Крепость молчала и угрюмо, неподвижно стояла, упершись своими валами в берега Иртыша и Оми. Иртыш, оледенелый и занесенный снегом, виден был внизу, под берегом, а за ним тянулись сизые полосы снежных полей, безлюдных и таинственных.
Поверх крыш крепостных зданий и через ворота Федор Михайлович старался разглядеть город, окружавший крепость. По ту сторону Оми раскинулся Ильинский форштадт, за ним Казачий, а по эту сторону, рядом с крепостью, Мокренский, Бутырский и Кадышевский.
Глядя на возвышавшиеся крыши домов и уходившие вдаль улицы, Федор Михайлович проникался неисходной тоской. Даль тянула его к себе, туда, за Иртыш, в неизвестную, таинственную степь, где жил вольный мир и стояло вольное небо. Все минувшее неотступно мучило его воспоминаниями о самых даже ничтожных мелочах, приключившихся где-либо в отдаленные времена и в самых неожиданных местах, – казалось, давно забытых.
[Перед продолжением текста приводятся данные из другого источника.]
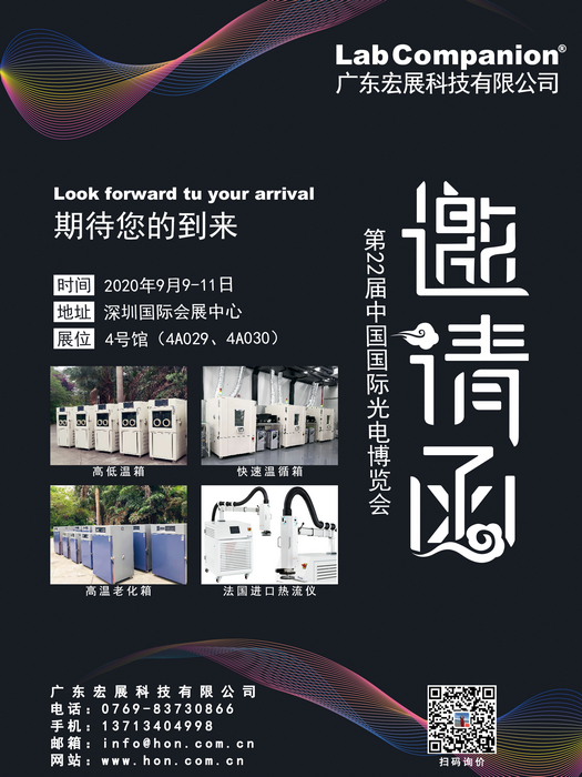 ICC訊 2020年9月9日至11日,在第22屆中國國際光電博覽會上,宏展科技將在4號館4A029、4A030隆重亮相,期待您的蒞臨!

Думанье, одно сухое думанье длилось без конца и без всякой какой-либо остановки.
Михаил Иванович, малярничавший тоже в мастерских, подошел как-то к нему и со спокойной унылостью заметил:
– Вижу я – не привычный ты еще человек в жизни. Беленькие ручки… Ну ничего, тут отдохнешь… Отдышка эта бывает человеку на пользу… Попадешь в неволю – слободы захочешь… Ну, а это важная сторона – захотеть-то!
Михаил Иванович, к которому невольно все пытливее приглядывался Федор Михайлович, казался сейчас ему не только человеком «не из робкого десятка», но уже и с некиим рассудительством, приобретенные в превратностях молодой судьбы. В однообразнейшей, как водяная капля, казарменной жизни он заострил еще пуще свой язык и тем самым заслужил к себе бесповоротное уважение. Что скажет он, то считалось если не верхом мудрости, то заслуживающим, во всяком случае, полного внимания. «Силен совестью», – думал о нем Федор Михайлович. Этот из разряда зачинщиков и вожаков. Такие не терпят никакого принуждения над собой, и чуть крупно проявится воля толпы и случится полный разворот накопившихся чувств – они тут на первом месте, а уж за ними идут все остальные до самой последней стены. Они и созданы для таких решительных минут. Михаил Иванович не часто пускался в откровенные разговоры (откровенность вообще презиралась в остроге, и большинство ссыльных угрюмо таили свои мечты про себя), однако Федор Михайлович из скупых слов людей улавливал самые сокровенные их замыслы.
Бывало, сидит он иной раз в глубокие сумерки при тусклом свете шестериковой казенной свечи. Кругом – мрак и смрад, обступила скуднейшая жизнь… И мысли в голове – труднобольные, как говорят тут в военном госпитале.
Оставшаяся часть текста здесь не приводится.